Thu, Jul 16, 2020


Business, Banking & Finance
HNWs in UAE keen on green investments


Affluent and high-net-worth (HNW) investors in the UAE are still keen on green and sustainable investments amidst Covid-19 pandemic, finds a survey.

Standard Chartered Private Bank’s Sustainable Investing Review 2020 highlights the resilience of investor interest in sustainable investments amidst market disruptions due to Covid-19.

As many as 90 per cent of investors surveyed said they are interested in sustainable investments, with 42 per cent planning to invest 5 to 15 per cent of their funds in sustainable investments over the next three years.

Affluent and HNW investors in the UAE, which has the highest number of affluent investors and whose wealth is largely salary-based, are keen to capitalise on green and sustainable opportunities. Here, 72 per cent of potential investors indicated they are highly interested in the possibilities presented by sustainable investing. This interest was matched by 39 per cent of UAE investors expressing an interest in allocating 15 to 25 per cent of their funds to sustainable investments within the next three years, the survey says.

The private bank’s third annual survey covered around 1,000 investors with a specific focus on affluent and high net worth (HNW) investors in Hong Kong, Singapore, the UAE and the UK.

Investors’ SDG priorities

The effect of the pandemic is clearly reflected in this year’s findings which highlighted investors’ focus on areas that build resilience against future crises. Nearly 50 per cent rated the United Nations (UN) Sustainable Development Goals (SDGs) of Clean Water and Sanitation and Good Health and Well-being as being of higher importance.
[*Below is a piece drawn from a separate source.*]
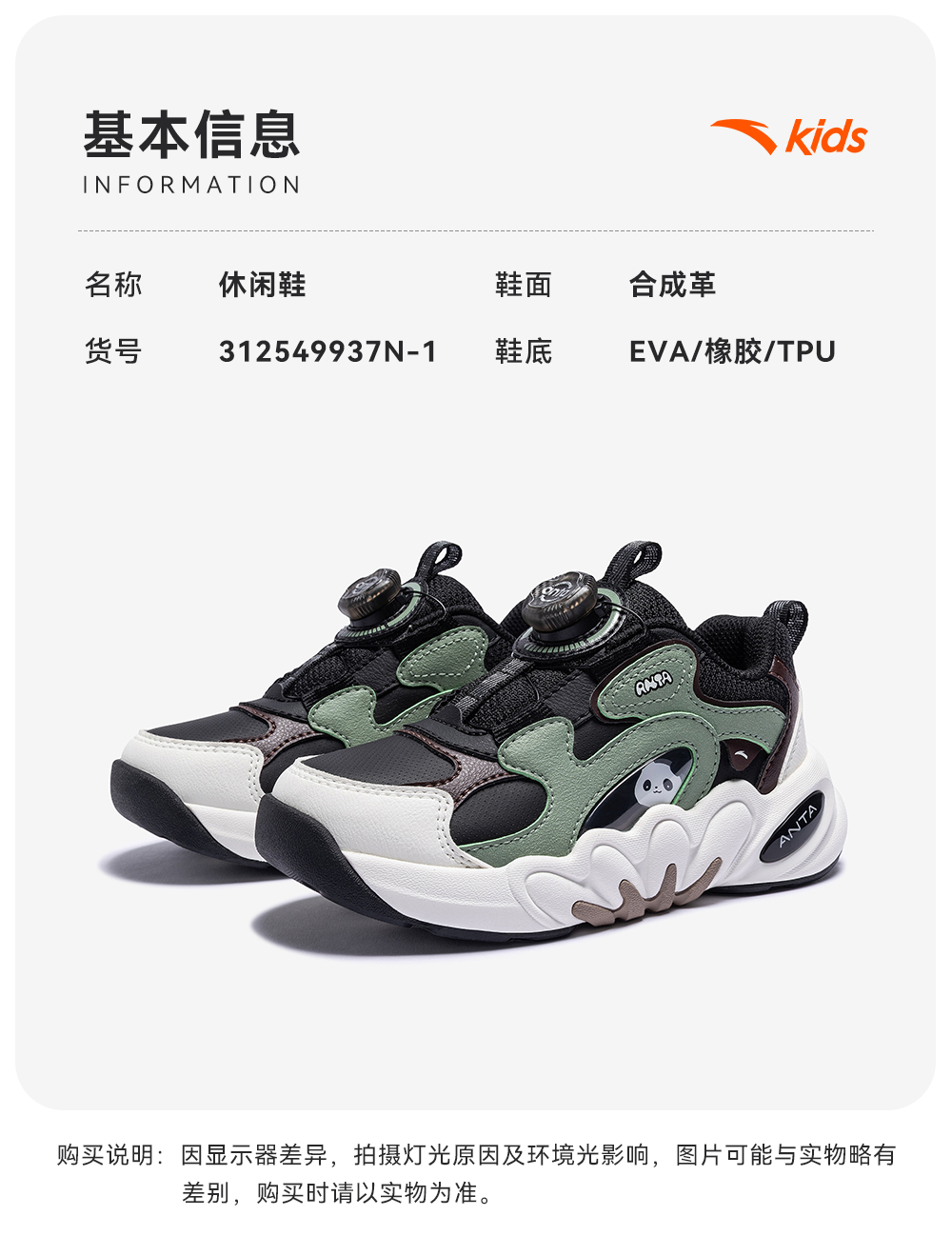 安踏儿童男小童休闲鞋2025冬新款舒适防滑耐磨儿童旋钮童鞋墩墩鞋312549937N

This is followed by 43 per cent of investors indicating Climate Action as more important, which edged ahead of Quality Education and Zero Hunger, both at 40 per cent.

The survey reveals that investors in the UAE also had a higher degree of apprehension compared to Asian investors, as well as a need for increased knowledge about terminology, for instance, UAE investors were the least familiar with low carbon investing.

Facilitating interests and removing barriers

Consistent with previous studies, this year’s survey shows that investors lack knowledge about how to meet social and impact goals that are of interest to them. This continues to impede investors who want to make sustainable investments. Banks play a critical role in providing essential guidance to clients to unlock the growing momentum for sustainable investing. Besides the lack of knowledge, the other top barriers to investment in this segment are apprehension, and lack of motivation and advice.

Personality influences investment approach

The survey identifies five investor personality types – Optimisers, Impact Believers, Cautious, Resistant and Apathetic – that influence sustainable investing decisions. Of these, the Impact Believers stand out with their high interest in sustainable investing and low apprehension towards such investments. In the UAE, which has the highest number of affluent investors and whose wealth is largely salary-based, Optimisers and Cautious are equally common.

This finding is consistent with our earlier Investor Personality Study 2020 which underpins our approach to serving clients. By identifying the needs of individual investors based on their personality type, we can offer customised advice to help clients achieve better investment outcomes and avoid pitfalls, particularly during times of market uncertainty.

Investor interests vary across geographies

The report also highlights differences among investors across geographies, reinforcing how cultural nuances and local market experiences, among others, can influence investor personalities and their corresponding investment approaches.

An interesting nuance shows up in preferences for SDGs among the affluent and HNW investors. While this group of investors shows little distinct preferences for any SDGs, small relative spikes of specific interest is observed with Good health and well-being and Climate Action edging above the others.

Investors from different regions, have differing views on which of the SDGs are of higher importance, for instance, those in Hong Kong favour Climate Action and those in the UAE care more about Quality Education.

In relation to investors’ consideration for further investments, the report reveals that affluent and HNW investors are generally willing to consider allocating funds towards sustainable investments, regardless of whether they have previous experience in making such investments.

“Naushid Mithani, Head of Global South Asian Community, Europe, Middle East and Africa and Private Bank Head UAE, Standard Chartered, said: “While interest in sustainable investing continues to grow in the UAE, there is more scope for enhancing the knowledge and participation in sustainable finance among the affluent and the high net worth individuals. Those already invested in sustainable investments were also most likely to continue to increase their wallet share.

“As an international bank deeply rooted in the UAE, we have a critical role to play in supporting to increase knowledge, participate and facilitate our clients’ sustainable investing journey and ambitions. Knowing how clients’ investor personalities influence their investment approach allows us to help unlock any barriers. This is where our Impact Philosophy is useful in giving clients a structured framework to identify environmental and social causes that matter to them, as well as to understand the risks and returns of potential opportunities.”